William Saroyan’s beautiful plays are well known worldwide and performed frequently. However, his novels have been somewhat forgotten and put aside for some time now. Most are out of print and difficult to come by. In fact, it is astounding that there were no reprints of his novels and short stories published internationally on the occasion of the centenary of his birth.

I chose to adapt “Papa You’re Crazy” for the stage in an attempt to help bring it to our attention once again. It is a very personal novel. Saroyan wrote it when his son Aram, to whom he has dedicated the work, was only 10 years old. But the novel could easily have been written by the latter many years later as a fully-grown man remembering his father. This specificity gives the work a prophetic value.

Although autobiographical in many ways, as it is recounting a certain period in Saroyan’s life, the novel is primarily a literary work of fiction and should be perceived as such.

That is the spirit in which I have adapted and staged it: as literature, and not a documentary on the Saroyans. It is the story of the relationship between a writer and his growing son; between any father and his son; a continuation of generations. It is about the passing of the torch of life, of personal character, of meaning and understanding, of a profession, and most of all of a passion.

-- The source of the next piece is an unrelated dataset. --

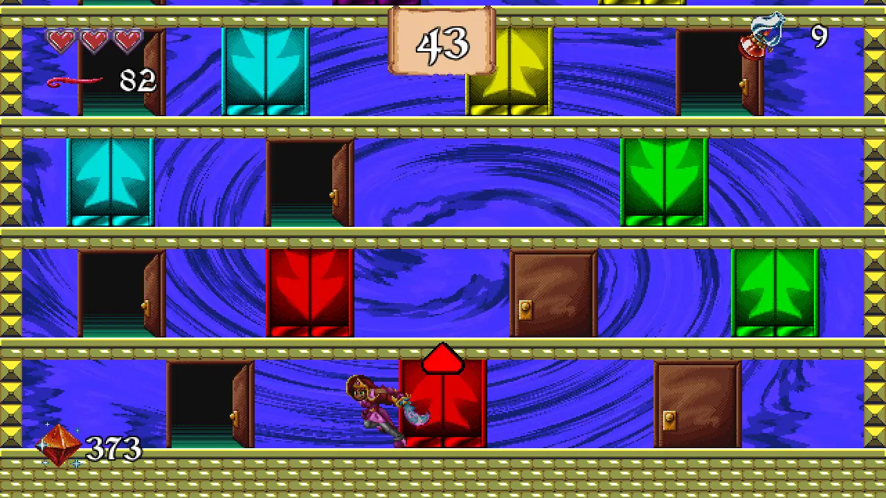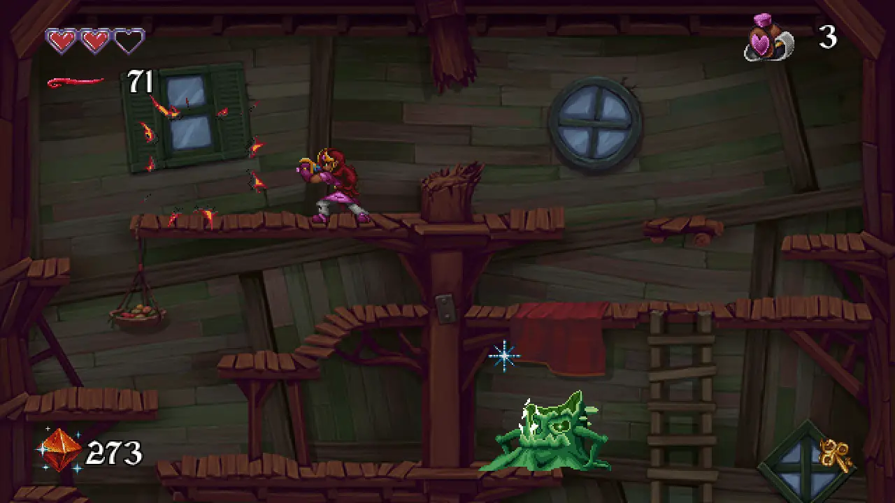 Just like the CDI games that inspired it (not you Zelda’s Adventure), Arzette is a level based 2D platformer. Playing on Switch, you move with the D-Pad or left stick, jump with B, swing your sword with Y, use items with X, shoot your gun with A, and perform the iconic duck walk by holding down and moving left or right. It’s simple to grasp, but level design can be deceptively difficult. Unlike the CDI games, however, these levels actually feel good to move through thanks to tight controls, great pixel art animations, and clear delineation between what is a platform and what is not (most of the time). Enemy placement can sometimes be unfair, even after you get the gun and trivialize most combat, but as you become familiar with each level you’ll naturally learn how to navigate around or through them.

It may be true to most of us that we end up becoming our parents as much as that may be what we attempt to avoid and run away from our entire lives. Those of us capable of accepting and embracing this reality are able to grab the best in their pedigree and adding to it their own, grow further. While those who struggle against it, end up wasting a lot of positive energy that could have been otherwise channeled much more productively. The same may hold true for all kinds of human belonging: cultural, ethnic, geographic and other–We are whom (and where) we come from–plus some!

I hope this beautiful work can help us understand better our “fathers” and ourselves. “Papa You’re Crazy” can be considered the best legacy William Saroyan could have left. I personally feel a special affinity with Saroyan and his work. Maybe it is partly because I share his birthday too: August 31!